На контрольной по математике меня посадили одну, чтоб ни у кого не списывала. В учебник тоже подсмотреть не удалось. И тогда я нарисовала в черновике большого красного рака с выпученными черными глазами и острыми клешнями.

* * *

По одному гулять нельзя, потому что опасно это. В озерах, прудах, реках и даже колодцах, водятся маленькие, темные, на вид совершенно не страшные раки. Кус – и утащат в воду, поминай как звали. Мы с Сенькой люди умные, все понимаем. Но я боюсь их до смерти. По ночам, бывает, даже в кошмарах снятся. А Сенька говорит: «Я тебя в обиду не дам!»
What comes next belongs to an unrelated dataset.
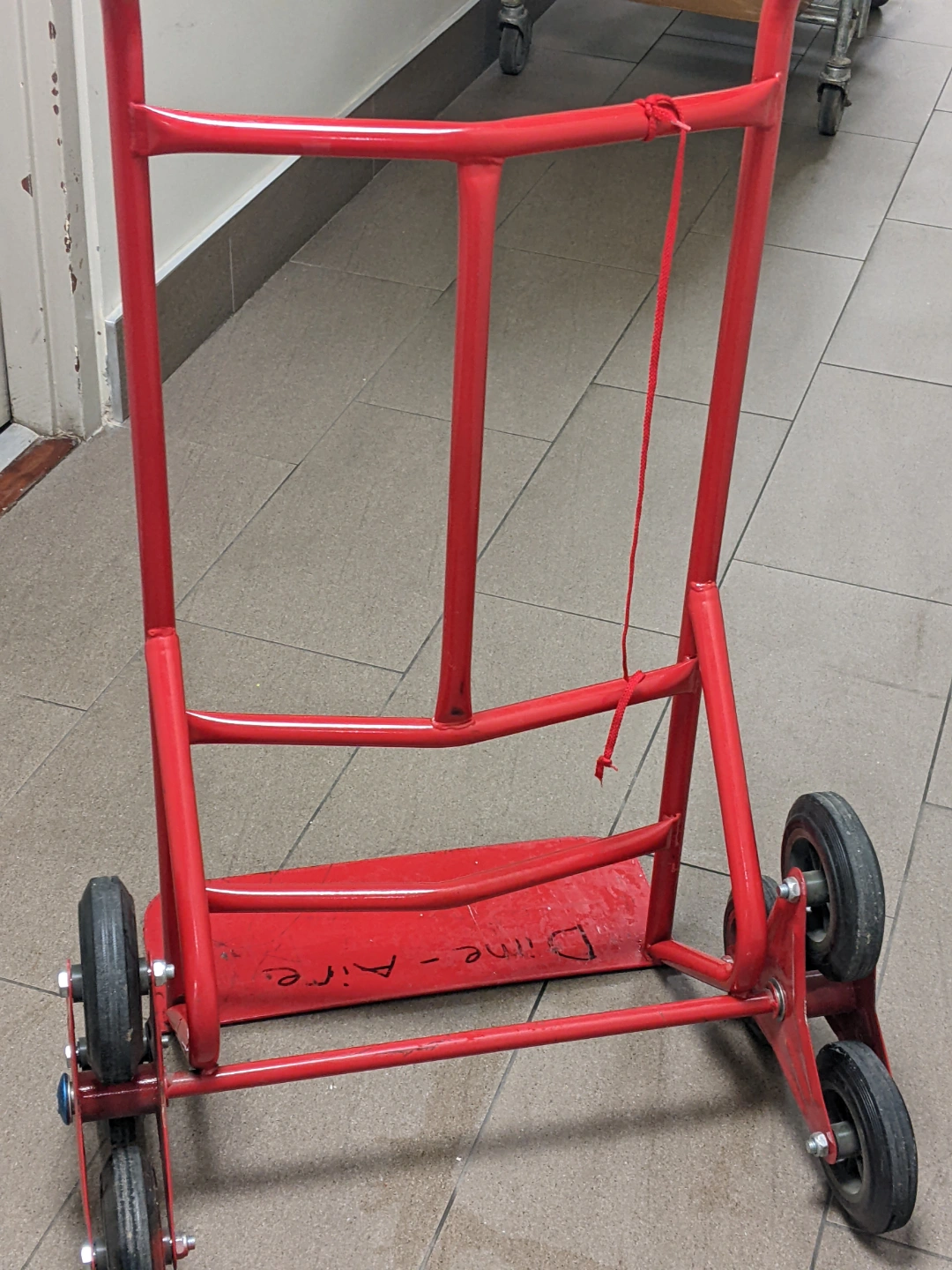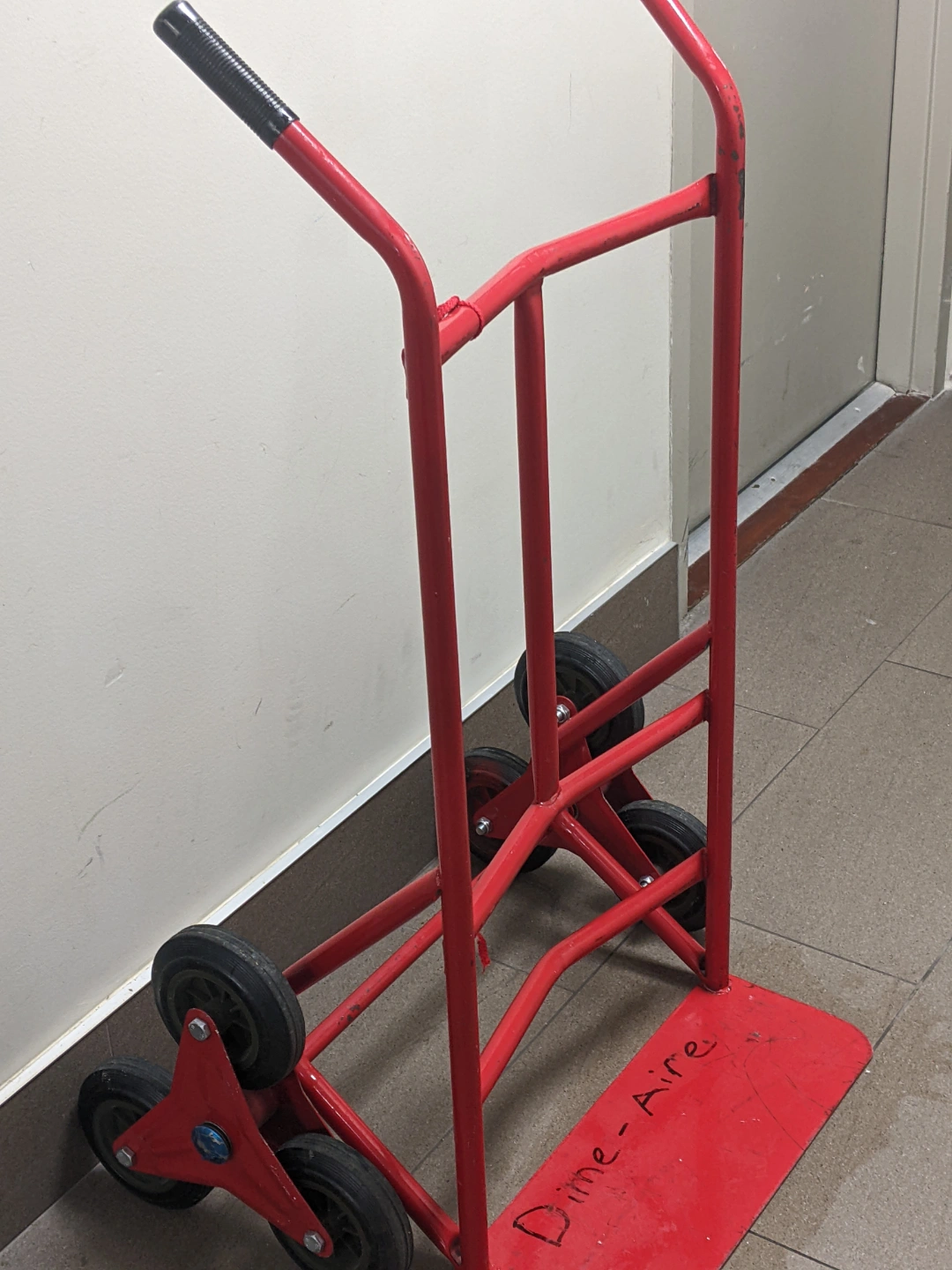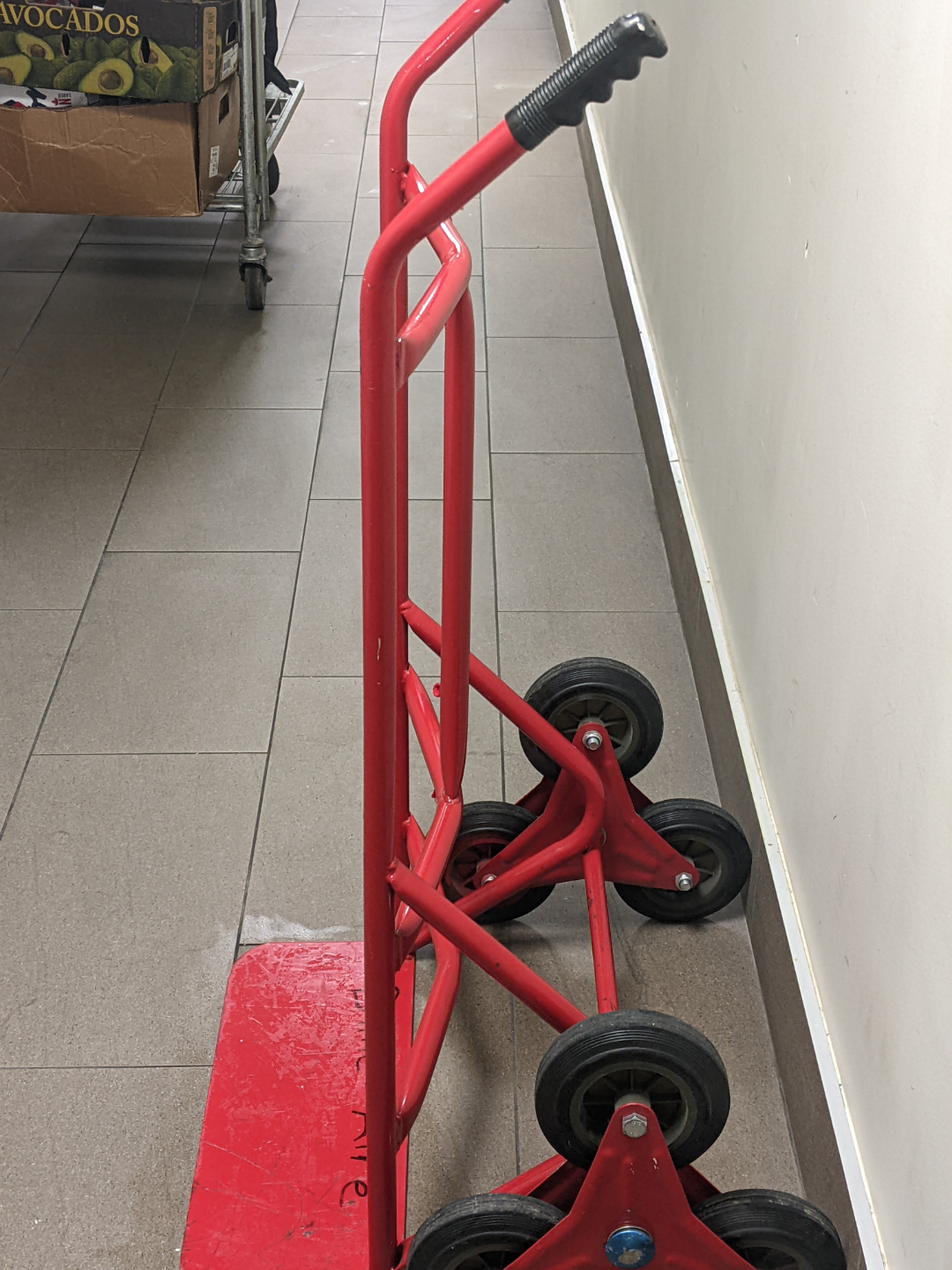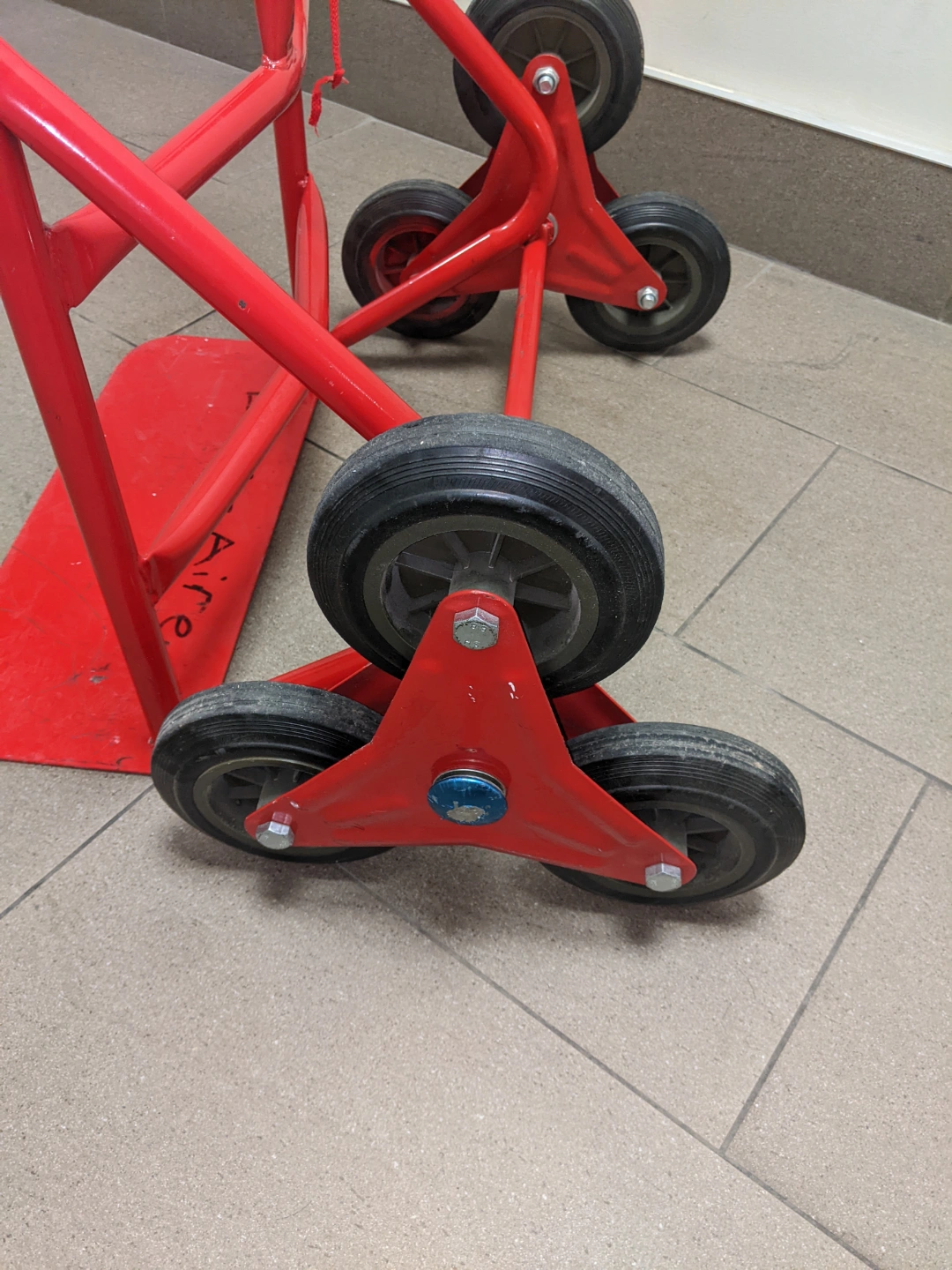 Durable, red, six-wheeled hand truck. Ideal for moving heavy items. Shows some wear.

Показывает свой смелый кулак, а бабушка хохочет:

- Вот у тебя, Варешка, защитник какой, с таким не пропадаешь!

* * *

Пропал папа. Нигде не могу его найти. Хожу по комнатам, натыкаюсь на черные рамки, в которых сидит какой-то дядька. Точнее, не он сам, а его изображение. Он улыбается, зеленые глаза аж светятся от радости, рыжие волосы развиваются на ветру. А мне не до смеха. Где папа?

Несколько раз спрашивала у мамы, кто такой этот дядя. В ответ – молчание. Глаза у нее красные, заплаканные. Что-то не так.

На следующий день мама уехала в гости, а меня оставила у соседки, тети Наташи. Она налила мне тарелку супа, в котором плавали кусочки разваренной моркови и лука. Есть не хотелось.

- Варюша, ну хоть ложечку.

- Где папа?

Он появился не сразу. Только через несколько месяцев. Был он маленький, голый, часто плакал. Не задумываясь, мы назвали его Арсением.



К списку подборок участников форума...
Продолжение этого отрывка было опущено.